L'editoriale

Confermando lo spacchettamento in quattro tronconi del processo Eternit bis a carico dell’ex re dell’amianto Stephan Schmidheiny, i giudici della Corte di Cassazione hanno indubbiamente inferto un ennesimo duro colpo al morale dei famigliari delle vittime, la cui fiducia nella giustizia, dopo sette anni di udienze, condanne, proscioglimenti, annullamenti e ricorsi bocciati, ormai vacilla. Ancora una volta, si ricomincia tutto da capo in quattro diversi tribunali, in un contesto pieno di incognite su cui incombe lo spettro della prescrizione del reato per molte delle vittime innocenti, morte ammazzate dall’amianto utilizzato nel nome del profitto e in pieno disprezzo della salute dei lavoratori e dei cittadini.

 

È sfiancante e frustrante vedere come nonostante l’evidenza delle responsabilità non si riesca, per un motivo o per l’altro, ad arrivare a una condanna in tempi ragionevoli. È disarmante osservare come in uno Stato di diritto si faccia tanta fatica a far collimare le leggi con il buonsenso e con la giustizia, ad accertare le colpe di un potente miliardario e a riconoscere i diritti delle vittime innocenti.


In Svizzera, patria dell’Eternit e centrale di comando della lobby mondiale dell’amianto, a nessun procuratore è mai nemmeno venuto in mente di chiamare Schmid­heiny a rendere conto del suo comportamento davanti alla giustizia penale. In Italia perlomeno i processi si celebrano. Anche se la decisione della Cassazione complica un po’ la situazione poiché priva le vittime della possibilità di procedere compatte in un unico fronte, il miliardario svizzero verrà comunque giudicato da quattro tribunali.

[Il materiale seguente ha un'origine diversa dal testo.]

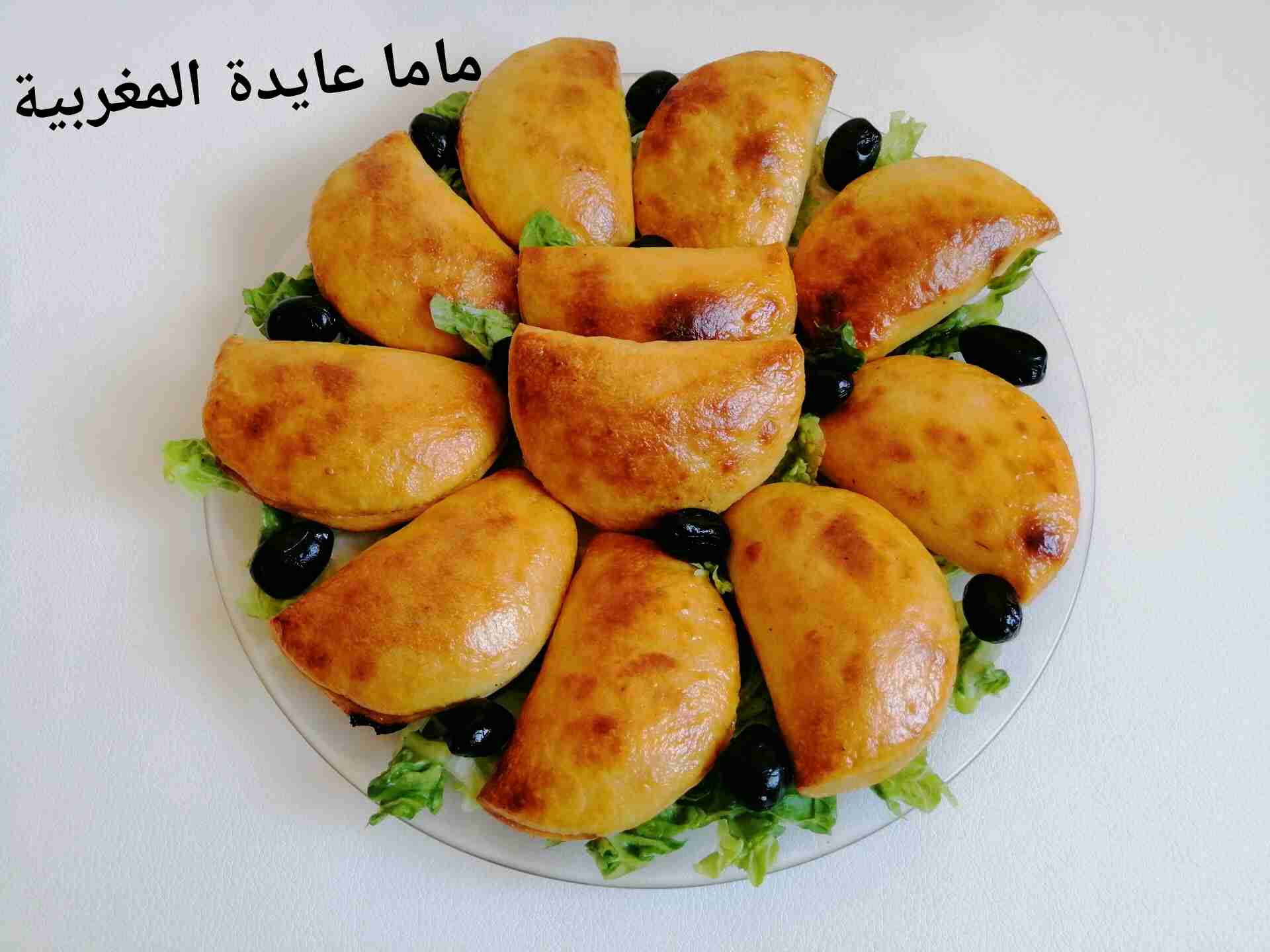 نقسم العجينة إلى كرات صغيرة و نبسط كل كرة بين بلاستيك و نحط ملعقة كبيرة مملوءة من الحشوة و نغطي عليها و نقطع على شكل نصف دائرة إلى أن ننهي الكرات.

Rimane dunque intatta la speranza di giungere un giorno a una sua condanna, che sarebbe fondamentale sia per le vittime dell’Eternit oggetto di questi processi sia per tutte le vittime del lavoro, di oggi e di domani. Perché altrimenti sarebbe come se lo Stato dicesse “va bene così”, come se la criminalità d’impresa fosse una bagattella.


Ma al di là di questo aspetto e comunque vada a finire, va sottolineato che con l’inchiesta Eternit la Procura di Torino ha scritto una pagina di storia e fornito un contributo alla verità e alla conoscenza dei fatti. Non solo perché il processo ha avuto eco a livello mondiale, ma anche per la qualità delle indagini che hanno consentito di ricostruire le nefandezze compiute dall’industria del cemento-amianto nel contesto internazionale, per quasi cent’anni sotto la regia della famiglia Schmidheiny. L’unione dei produttori in un cartello europeo, la delegittimazione degli studiosi, la corruzione di scienziati per negare le evidenze scientifiche sulla pericolosità dell’amianto, lo spionaggio a danno dei sindacati e delle associazioni delle vittime, l’informazione pilotata dei lavoratori e dell’opinione pubblica: sono solo alcune delle verità svelate dall’inchiesta Eternit, cui va dunque un grande merito. Comunque vada a finire.